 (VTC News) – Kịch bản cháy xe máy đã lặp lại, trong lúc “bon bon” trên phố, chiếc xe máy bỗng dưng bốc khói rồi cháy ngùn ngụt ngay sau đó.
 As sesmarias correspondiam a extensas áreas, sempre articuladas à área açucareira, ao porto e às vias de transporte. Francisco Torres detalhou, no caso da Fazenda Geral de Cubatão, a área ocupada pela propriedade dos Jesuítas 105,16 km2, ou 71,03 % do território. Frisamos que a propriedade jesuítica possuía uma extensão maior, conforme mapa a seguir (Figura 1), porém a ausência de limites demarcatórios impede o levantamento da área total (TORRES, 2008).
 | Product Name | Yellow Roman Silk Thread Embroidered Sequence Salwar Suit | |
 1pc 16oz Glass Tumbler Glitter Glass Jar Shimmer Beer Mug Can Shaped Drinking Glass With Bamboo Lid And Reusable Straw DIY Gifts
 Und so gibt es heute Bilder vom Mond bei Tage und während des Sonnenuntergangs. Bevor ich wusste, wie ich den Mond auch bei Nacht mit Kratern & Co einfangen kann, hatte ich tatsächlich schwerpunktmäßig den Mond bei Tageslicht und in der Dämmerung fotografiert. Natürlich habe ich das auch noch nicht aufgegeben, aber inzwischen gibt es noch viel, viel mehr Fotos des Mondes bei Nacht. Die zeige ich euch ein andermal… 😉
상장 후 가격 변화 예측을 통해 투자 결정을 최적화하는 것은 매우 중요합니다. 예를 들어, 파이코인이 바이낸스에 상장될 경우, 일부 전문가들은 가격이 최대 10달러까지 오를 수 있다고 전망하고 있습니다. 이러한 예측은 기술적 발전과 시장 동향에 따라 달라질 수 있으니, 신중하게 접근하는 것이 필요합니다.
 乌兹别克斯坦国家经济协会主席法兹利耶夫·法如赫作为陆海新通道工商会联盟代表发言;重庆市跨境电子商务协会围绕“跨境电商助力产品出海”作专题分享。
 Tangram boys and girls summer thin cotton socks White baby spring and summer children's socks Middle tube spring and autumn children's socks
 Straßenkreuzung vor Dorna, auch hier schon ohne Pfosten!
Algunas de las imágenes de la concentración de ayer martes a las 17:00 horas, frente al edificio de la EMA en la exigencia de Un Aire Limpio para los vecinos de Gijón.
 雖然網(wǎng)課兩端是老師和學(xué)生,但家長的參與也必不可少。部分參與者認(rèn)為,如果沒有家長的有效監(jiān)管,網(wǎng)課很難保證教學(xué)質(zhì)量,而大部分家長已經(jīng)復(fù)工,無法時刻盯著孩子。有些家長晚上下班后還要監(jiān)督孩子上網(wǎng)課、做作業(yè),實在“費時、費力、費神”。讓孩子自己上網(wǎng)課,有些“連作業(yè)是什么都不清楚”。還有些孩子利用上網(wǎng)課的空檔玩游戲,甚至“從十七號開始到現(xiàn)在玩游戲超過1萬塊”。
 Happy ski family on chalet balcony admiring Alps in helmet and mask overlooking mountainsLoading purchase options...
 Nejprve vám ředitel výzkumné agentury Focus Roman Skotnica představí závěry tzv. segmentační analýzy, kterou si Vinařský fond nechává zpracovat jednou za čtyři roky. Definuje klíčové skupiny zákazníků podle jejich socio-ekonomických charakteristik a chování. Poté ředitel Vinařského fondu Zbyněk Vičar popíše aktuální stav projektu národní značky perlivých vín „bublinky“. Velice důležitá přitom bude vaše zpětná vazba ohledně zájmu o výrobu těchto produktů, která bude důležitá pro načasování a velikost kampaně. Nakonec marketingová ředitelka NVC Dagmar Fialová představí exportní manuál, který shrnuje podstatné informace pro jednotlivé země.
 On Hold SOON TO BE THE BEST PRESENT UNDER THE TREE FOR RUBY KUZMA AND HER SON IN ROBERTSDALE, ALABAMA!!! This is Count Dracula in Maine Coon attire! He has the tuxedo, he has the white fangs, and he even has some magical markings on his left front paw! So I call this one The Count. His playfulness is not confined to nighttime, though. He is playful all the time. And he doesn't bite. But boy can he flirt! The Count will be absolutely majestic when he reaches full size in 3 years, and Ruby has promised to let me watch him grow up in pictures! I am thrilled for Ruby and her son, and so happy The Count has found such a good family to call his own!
++++
_What you will do:_ Your reply is to repeat, unchanged, the lines above running from the one with "Algunas de las" up to and including the one with "雖然網(wǎng)課兩端是老".

_Reply:_
Algunas de las imágenes de la concentración de ayer martes a las 17:00 horas, frente al edificio de la EMA en la exigencia de Un Aire Limpio para los vecinos de Gijón.
 雖然網(wǎng)課兩端是老師和學(xué)生,但家長的參與也必不可少。部分參與者認(rèn)為,如果沒有家長的有效監(jiān)管,網(wǎng)課很難保證教學(xué)質(zhì)量,而大部分家長已經(jīng)復(fù)工,無法時刻盯著孩子。有些家長晚上下班后還要監(jiān)督孩子上網(wǎng)課、做作業(yè),實在“費時、費力、費神”。讓孩子自己上網(wǎng)課,有些“連作業(yè)是什么都不清楚”。還有些孩子利用上網(wǎng)課的空檔玩游戲,甚至“從十七號開始到現(xiàn)在玩游戲超過1萬塊”。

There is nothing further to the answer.